La elección presidencial no está resuelta, aunque Javier Milei goce del embellecimiento mediático que deriva por el influjo del vencedor. Contra su figura y el resplandor fetichista esculpido por una sociedad agotada hasta de la observación, el ministro de Economía y competidor en nombre del oficialismo, Sergio Massa, emula a una suerte de Don Quijote sosteniendo su aventura a pesar del desánimo que siembran, incluso, los que propiciaron su candidatura desde el kirchnerismo.
Por más extraño que parezca, diversos sectores de la coalición gubernamental se empeñan en repetir los errores de 2015, cuando Daniel Scioli perdió en ballotage con Mauricio Macri por indesmentible falta de apoyo de la fracción más dinámica del por entonces Frente Para la Victoria. “Yo vi cómo desfilaban los legisladores delante de Cristina (Fernández de Kirchner) y, cuando ella preguntaba por qué creían que se había perdido la elección, le respondían que se había perdido por el candidato”, contó un militante que supo ser asesor parlamentario de un encumbrado despacho en el Congreso.
La anécdota refiere a la soledad con la que Massa emprende su epopeya.
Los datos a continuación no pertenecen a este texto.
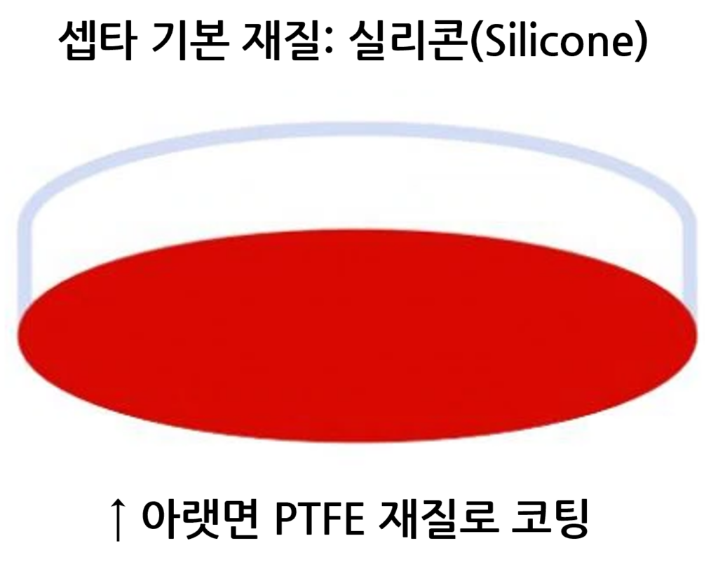 - 셉타 밑면: 빨간색 PTFE 재질 / 셉타 윗면: 흰색 실리콘 재질
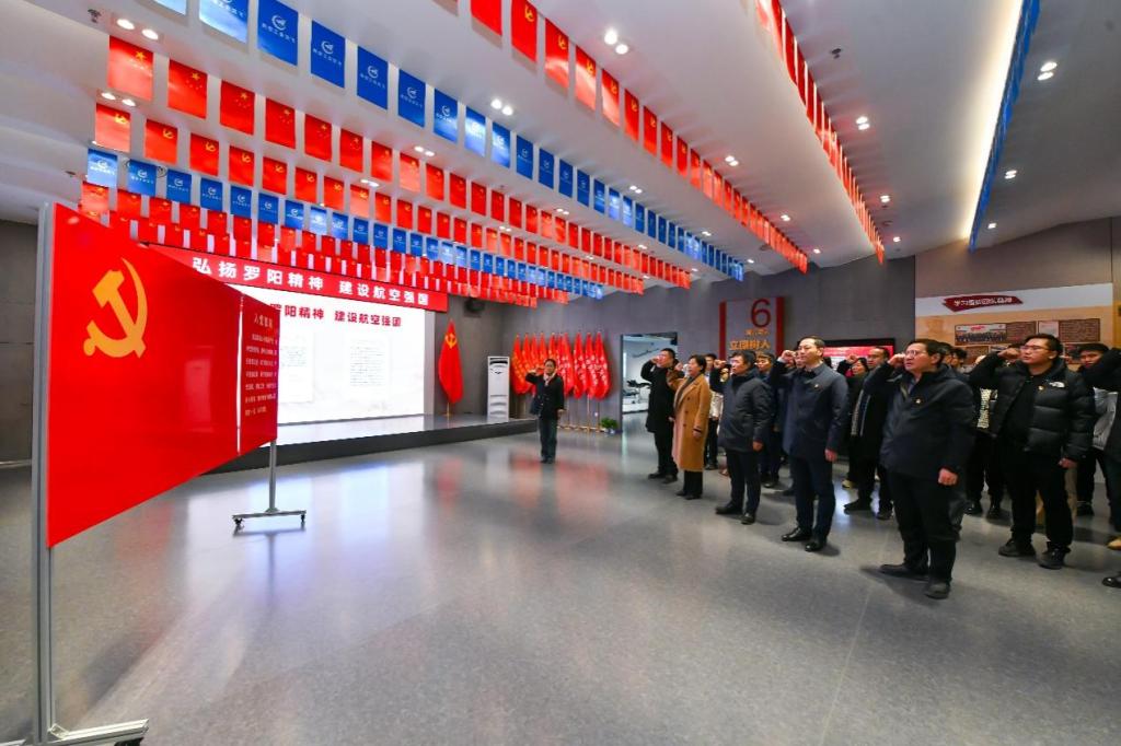 随后,党员们来到了沈飞航空博览园。博览园主展馆分为序馆、蓝天梦圆馆、航空报国馆、振翮高飞馆、创新超越馆、功炳天疆馆、展翅翱翔馆和罗阳纪念馆8个展馆,分主题展示了从早期国产歼击机的研发历程到现代先进战机的科技创新成果,展示了我国航空工业在国际合作和技术交流方面的成就,展望了未来中国航空工业的发展趋势和愿景。党员们通过观看歼5、歼教6、歼8、歼11、鹘鹰等一架架战机,感受到了国之重器的威严;从罗阳同志先进事迹中,学习了一代代航空人踔厉拼搏、奉献蓝天的航空报国精神,深刻体会到了辽宁作为新中国航空工业发祥地之一在党和国家战略全局中具有的特殊重要地位。参观最后,全体党员面向党旗重温入党誓词。

En diferentes tribus, circula una paradójica pero auspiciosa conjetura para la suerte del tigrense: cuesta creer que el líder del Frente Renovador haya aceptado poner la cara para una derrota catastrófica.
Como si fijaran los cimientos para que la arquitectura discursiva que imputa carácter de “casta” a los principales dirigentes peronistas, la reticencia de la conducción estratégica de un movimiento desvencijado para proceder con inyecciones anímicas con el objetivo de que crezca la agitación del nombre de Massa hasta que cale en el electorado condena a la angustia y la desposesión a los mismos sectores populares que, jactanciosamente, dicen que representan. Los guardianes de una capilaridad territorial que no acreditan, al parecer, dudan sobre los atributos del candidato y miden la cantidad de barro en su calzado, cuyo saldo sería siempre insuficiente.
Aunque poco importen las cualidades y, todavía menos, las biografías de los soldados, huelga una pedagogía de las organizaciones populares sobre el resto de la sociedad: las citas con las urnas son el revestimiento cívico de una lucha política interminable. Así, el sufragio se ejerce con los dientes apretados y el sobre y la boleta se empuñan como una faca.
En consecuencia, Massa no es otra cosa que una herramienta, concebida como punto de acumulación o palanca para detener el avance de la amenaza más grande contra el país después de los acontecimientos que desembocaron en el golpe militar de 1976.
Por eso, los cuestionamientos acerca de su procedencia, el registro de sus traiciones y su apego al libreto liberal que, junto a la propia Vicepresidenta, le reprochaban no hace mucho al mismísimo Martín Guzmán carecen de sentido. Lo único que vale la pena evaluar, en este contexto crucial para un ensamble de formaciones partidarias untadas con plasticola, es la disposición táctica de cada elemento.
Tal como el personaje de Bert Cooper alecciona al joven buchón de Pete Campbell en Mad Men, cuando pretende deschavar a Don Drapper sobre la identidad oculta que lo convertiría en desertor de la Guerra de Corea, “un hombre es el lugar que ocupa”. Y toda victoria se construye, en cualquier campo en disputa, sobre la fuerza y gravitación en un territorio. Lo demás es, apenas, ornamentación para timbear el destino de una nación.